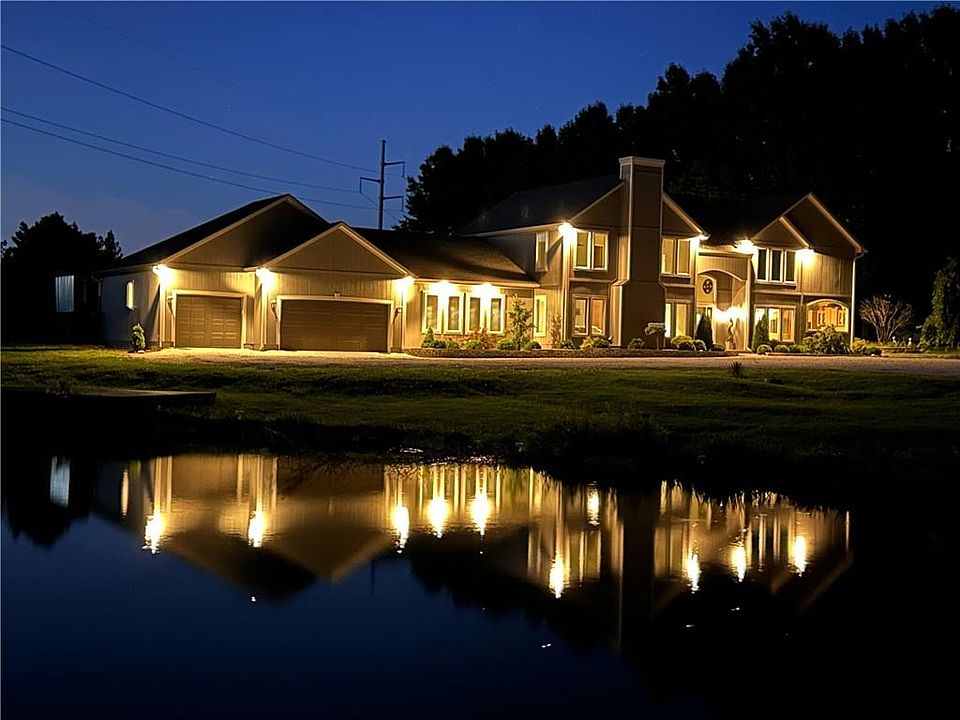 Beautiful unincorporated Blue Springs/Lee's Summit address (it depends on which side of the road you put your mailbox!) - 4 bed, 4 bath, 3 car garage framed for 10' entrance and deep enough for a boat, on 10 acres with beautiful Apple Orchard with several types of Apples you can eat right off the trees, Pear trees, Peach and Cherry tree,Blackberries, Pecan and Walnut trees, stocked ponds with prize Catfish, Bass, and Carp. The land offers paths for walking trails, camping by the pond and hunting. Interior is a custom built home, insulated with Foam for temperature and sound regulation, Brand NEW Carpet and Quartz counterops and backsplash! This home is designed for the extraodinaire entertainer (200 guest easily with plenty of parking). The game room is a must see with a beautiful wet bar (who needs to go to Cheers when everyone knows your name here!) The out building overall is a 30'x70' with concrete floors,electricity and a lean-to with 3 bays. The pictures speak for themselves, but this is a must see in person property. Wear your walking shoes so you can explore the land and plan your next event! Don't forget the Inground pool with pump/shower house with mulitiple entrances into the interior home.
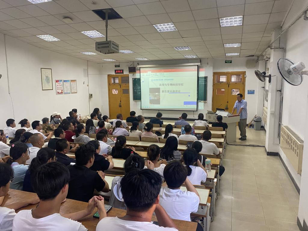 2024年9月3日,农学与生物科技学院举行了2024级新生家长座谈会。学院党政领导、各教学部主任、教师代表、新生班主任和近100位新生家长参加会议。本次会议以线上线下相结合的方式进行。
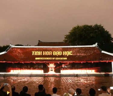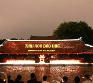 Immerse yourself in the impressive 3D Mapping light space, recreating the spirit of lifelong learning and respect for teachers in Vietnam. Participate in traditional activities: studying with a Confucian scholar, practicing calligraphy, sealing a print. Enjoy the "Quintessence of Education" Art Show honoring knowledge.
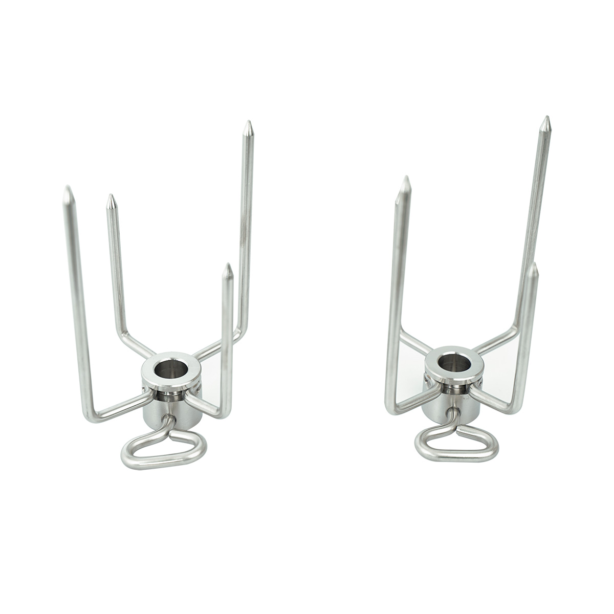 Drehspieß einlegen – fertig: Mit der von SANTOS entwickelten magnetischen Halterung ist die Handhabung der Rotisserie maximal komfortabel. Sie hält den Spießstab aus magnetischem Edelstahl fest in der Halterung der Motoreinheit, sodass keine weitere Fixierung notwendig ist. Der in der Halterung verbaute Neodym-Magnet ist ein leistungsstarker Permanentmagnet. Die auch als “Supermagnete” bezeichneten Neodym-Magnete haben eine sehr große Haftkraft bei verhältnismäßig kleinem Volumen, die auch über Jahre hinweg nicht nachlässt – beste Voraussetzung, um Euch zuverlässig über viele Jahre das Rotisserie Grillen zu verschönern.Drehspieß mit gerundeten Auflagestellen
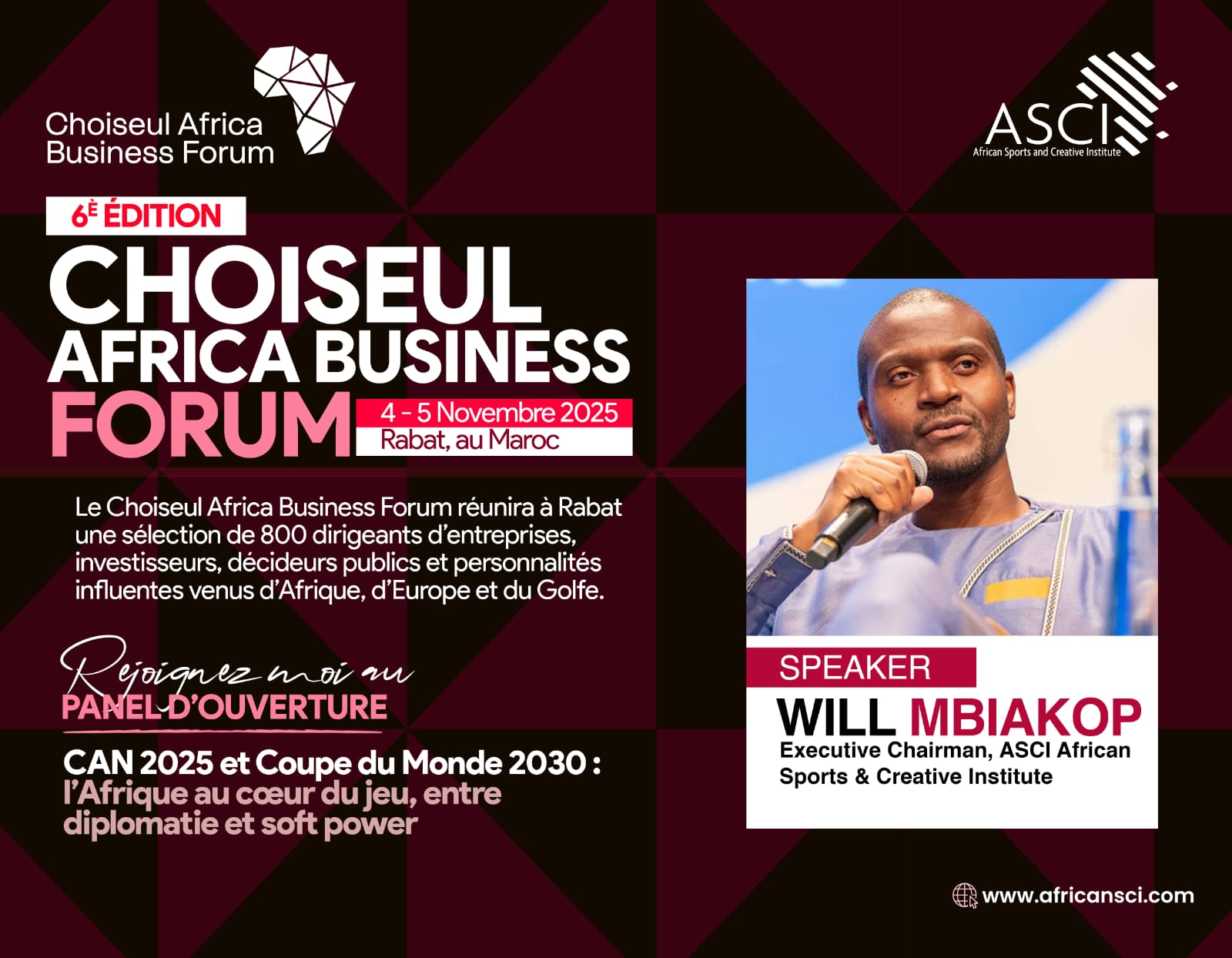 This is a ground-breaking team effort led by Will Mbiakop and a panel of esteemed experts that includes N. Okonjo-Iweala (WTO), T. Thiam (Finance Icon), M. Diop (IFC), F. Samoura (FIFA), R. Rioux (AFD), H. El Habti (UM6P), M. Ujiri (NBA), V. Songwe (UNECA), G. Ramos (UNESCO), and football legend D. Drogba.

——

Set the pictures aside and transcribe exactly the stretch of lines above, beginning with the one holding "2024年9月3日,农学与生" and ending with the one holding "Immerse yourself in".

 2024年9月3日,农学与生物科技学院举行了2024级新生家长座谈会。学院党政领导、各教学部主任、教师代表、新生班主任和近100位新生家长参加会议。本次会议以线上线下相结合的方式进行。
 Immerse yourself in the impressive 3D Mapping light space, recreating the spirit of lifelong learning and respect for teachers in Vietnam. Participate in traditional activities: studying with a Confucian scholar, practicing calligraphy, sealing a print. Enjoy the "Quintessence of Education" Art Show honoring knowledge.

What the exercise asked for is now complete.